The two projects are not that big. Collectively it is estimated they will produce 100 new megawatts of energy, which is enough to power 100,000 homes. The demand by California residents, businesses and industry exceeds 60,000 megawatts.
“But in the grand scheme of things these two projects can make a difference,” Robertson said, referring to the 2010 deadline for 20 percent green energy usage.
Heat is energy. The geothermal plants tap into the earth’s steam and the company recycles the heat to create energy.
Siskiyou County officials have worked closely with Calpine to develop air pollutions controls. Surrounding tribes have also been a part of the negotiations. Most have continued with objections. Robertson said that Calpine now has mitigated for cultural aspects and defined construction protocols to meet mitigations and tribal concerns. The Shasta Nation is in concurrence with mitigations to the projects, according to Burke.
At the Jan. 26, meeting a dozen Pitt River Tribal members opposed the projects. Many of those members also traveled down to San Jose on Jan. 27, to gather with 200 other protestors outside of Calpine’s headquarters. The protest reportedly was peaceful.
The biggest balancing act for Calpine has been addressing the multiple-uses in the Medicine Lake area. As well as maintaining cultural aspects for tribes, there are numerous lake-side cabin owners, other property owners, on-going timber harvests, snowmobilers and a variety of recreational users in the federally-managed Forest Service area.

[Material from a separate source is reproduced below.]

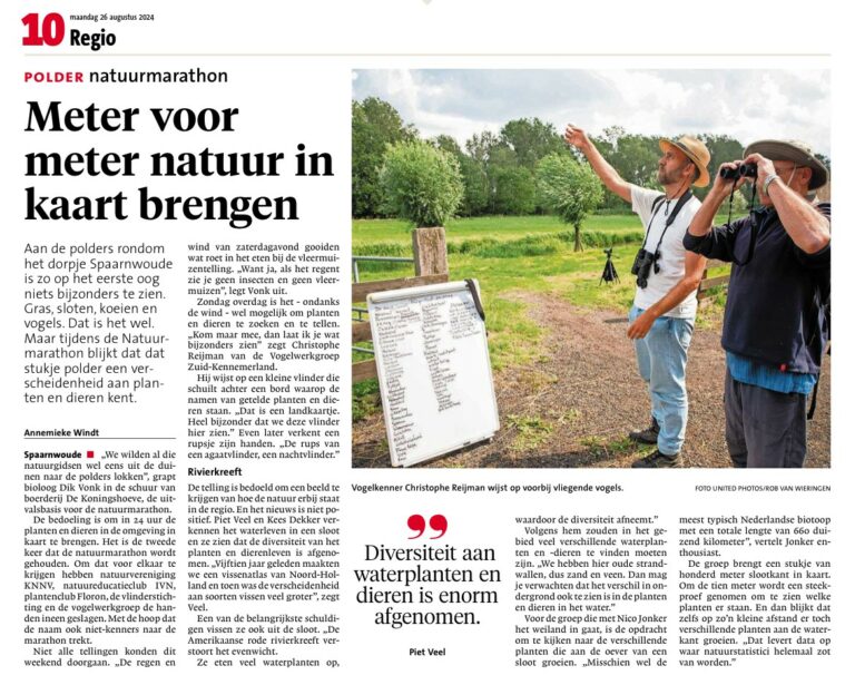 De Natuurmarathon van IVN, VWG en KNNV in Zuid-Kennemerland op Boerderij Koningshoeve was wederom (hij werd voor de tweede keer gehouden) een succes. De natuurmarathon wil de aandacht vestigen op biodiversiteit. In de diverse inventarisaties zijn rond de 400 soorten geteld op een speciale pagina van Waarneming.nl.

When asked recently if the proposed bankruptcy by Calpine will affect the Glass Mountain Project, Roberson replied that it will not. On Jan. 31, the company announced that a new CEO had been hired, who will restructure the company’s finances. The implosion of Enron in fall 2001 accelerated a collapse in electricity markets around the country, which also affected Calpine. Officials have stated that the company is committed to producing the clean, efficient, cost-competitive electricity for its customers. Calpine generates over 26,000 megawatts of electricity -- enough to meet the needs of more than 26 million households in a state with 30 million residents.